### [AIM OF THE TASK]
In the entries below, find the line with "第二个,它支持无线互联,左侧" and the line with "القابل للنفخ للاستخدام.". Reproduce those two lines and every line between them exactly, and nothing more.

### [EXTRACTED DATA]
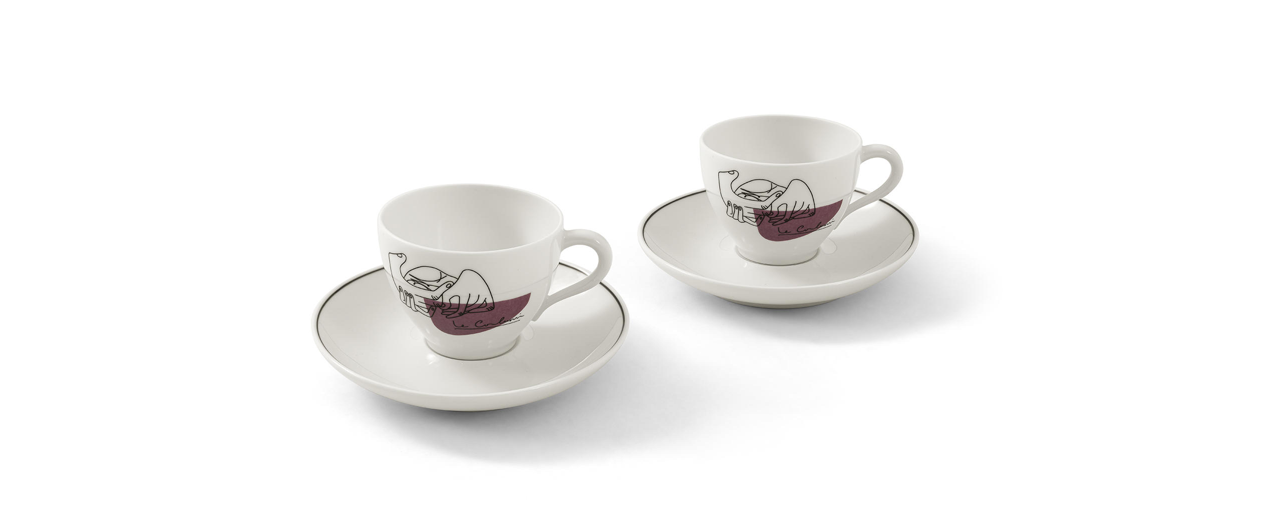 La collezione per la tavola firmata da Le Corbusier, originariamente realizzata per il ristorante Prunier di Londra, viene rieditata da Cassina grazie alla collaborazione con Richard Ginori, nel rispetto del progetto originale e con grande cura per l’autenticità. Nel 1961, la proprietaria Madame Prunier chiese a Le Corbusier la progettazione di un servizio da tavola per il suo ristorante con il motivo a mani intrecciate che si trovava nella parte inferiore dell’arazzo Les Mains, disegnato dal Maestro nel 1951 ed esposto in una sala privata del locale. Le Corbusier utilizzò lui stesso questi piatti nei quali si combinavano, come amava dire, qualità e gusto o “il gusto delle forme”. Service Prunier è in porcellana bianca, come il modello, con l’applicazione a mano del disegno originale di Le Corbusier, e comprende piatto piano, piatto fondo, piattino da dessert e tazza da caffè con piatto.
---
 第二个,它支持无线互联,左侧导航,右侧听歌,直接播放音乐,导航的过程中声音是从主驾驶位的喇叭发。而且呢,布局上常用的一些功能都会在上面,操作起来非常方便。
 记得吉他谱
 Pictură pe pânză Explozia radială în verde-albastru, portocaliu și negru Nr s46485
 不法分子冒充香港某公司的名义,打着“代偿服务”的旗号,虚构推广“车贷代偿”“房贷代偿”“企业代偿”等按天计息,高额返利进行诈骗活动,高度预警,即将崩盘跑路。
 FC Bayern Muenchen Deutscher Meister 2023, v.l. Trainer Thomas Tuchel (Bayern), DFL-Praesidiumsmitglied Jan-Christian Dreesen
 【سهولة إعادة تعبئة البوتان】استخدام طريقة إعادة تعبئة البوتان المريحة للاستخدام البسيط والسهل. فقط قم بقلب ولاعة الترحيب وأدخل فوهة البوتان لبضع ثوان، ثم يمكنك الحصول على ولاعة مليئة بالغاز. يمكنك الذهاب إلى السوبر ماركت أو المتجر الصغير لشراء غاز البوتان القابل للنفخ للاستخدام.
--
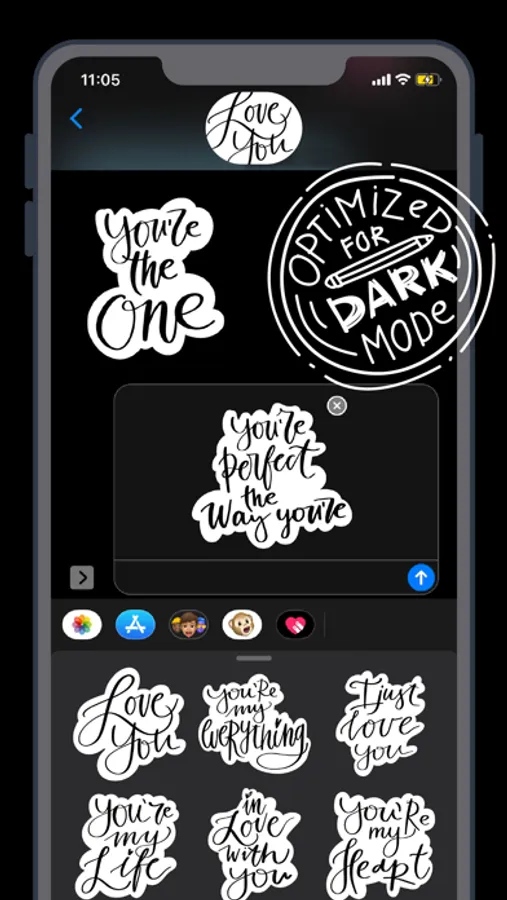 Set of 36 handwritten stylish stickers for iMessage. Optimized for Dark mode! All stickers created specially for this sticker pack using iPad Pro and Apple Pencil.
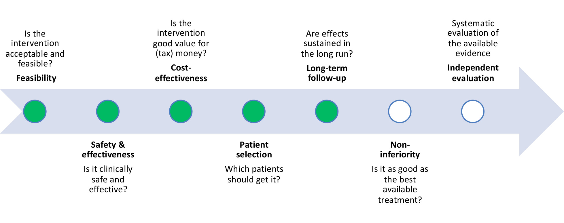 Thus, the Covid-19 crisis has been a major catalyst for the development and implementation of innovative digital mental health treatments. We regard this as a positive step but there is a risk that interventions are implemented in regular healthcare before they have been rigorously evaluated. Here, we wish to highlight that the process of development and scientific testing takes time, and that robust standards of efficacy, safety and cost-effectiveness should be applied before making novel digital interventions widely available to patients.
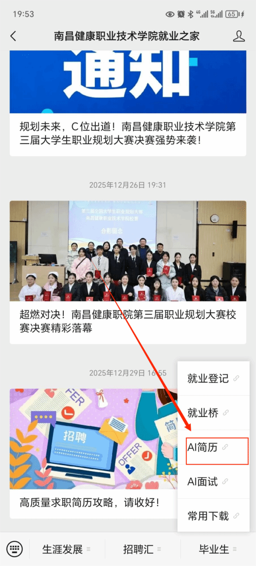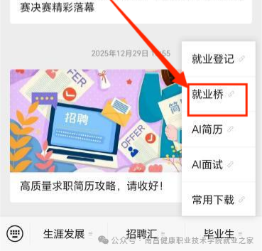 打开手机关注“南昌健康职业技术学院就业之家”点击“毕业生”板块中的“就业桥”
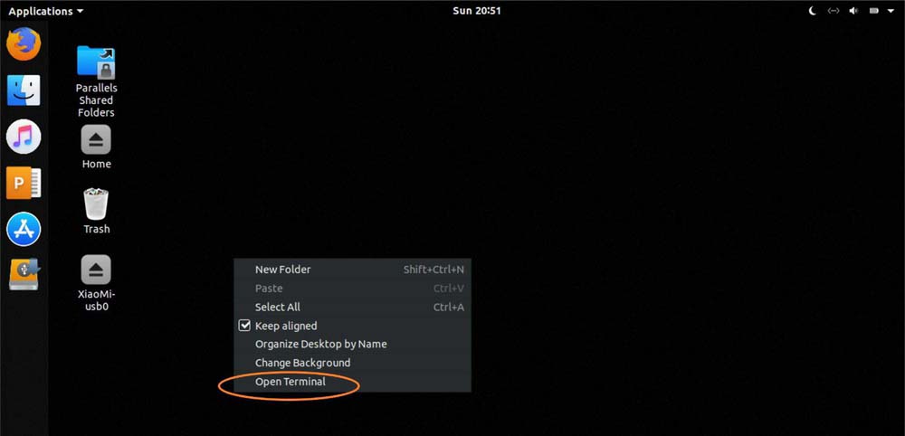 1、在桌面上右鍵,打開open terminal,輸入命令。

### [EXPECTED OUTPUT]
 第二个,它支持无线互联,左侧导航,右侧听歌,直接播放音乐,导航的过程中声音是从主驾驶位的喇叭发。而且呢,布局上常用的一些功能都会在上面,操作起来非常方便。
 记得吉他谱
 Pictură pe pânză Explozia radială în verde-albastru, portocaliu și negru Nr s46485
 不法分子冒充香港某公司的名义,打着“代偿服务”的旗号,虚构推广“车贷代偿”“房贷代偿”“企业代偿”等按天计息,高额返利进行诈骗活动,高度预警,即将崩盘跑路。
 FC Bayern Muenchen Deutscher Meister 2023, v.l. Trainer Thomas Tuchel (Bayern), DFL-Praesidiumsmitglied Jan-Christian Dreesen
 【سهولة إعادة تعبئة البوتان】استخدام طريقة إعادة تعبئة البوتان المريحة للاستخدام البسيط والسهل. فقط قم بقلب ولاعة الترحيب وأدخل فوهة البوتان لبضع ثوان، ثم يمكنك الحصول على ولاعة مليئة بالغاز. يمكنك الذهاب إلى السوبر ماركت أو المتجر الصغير لشراء غاز البوتان القابل للنفخ للاستخدام.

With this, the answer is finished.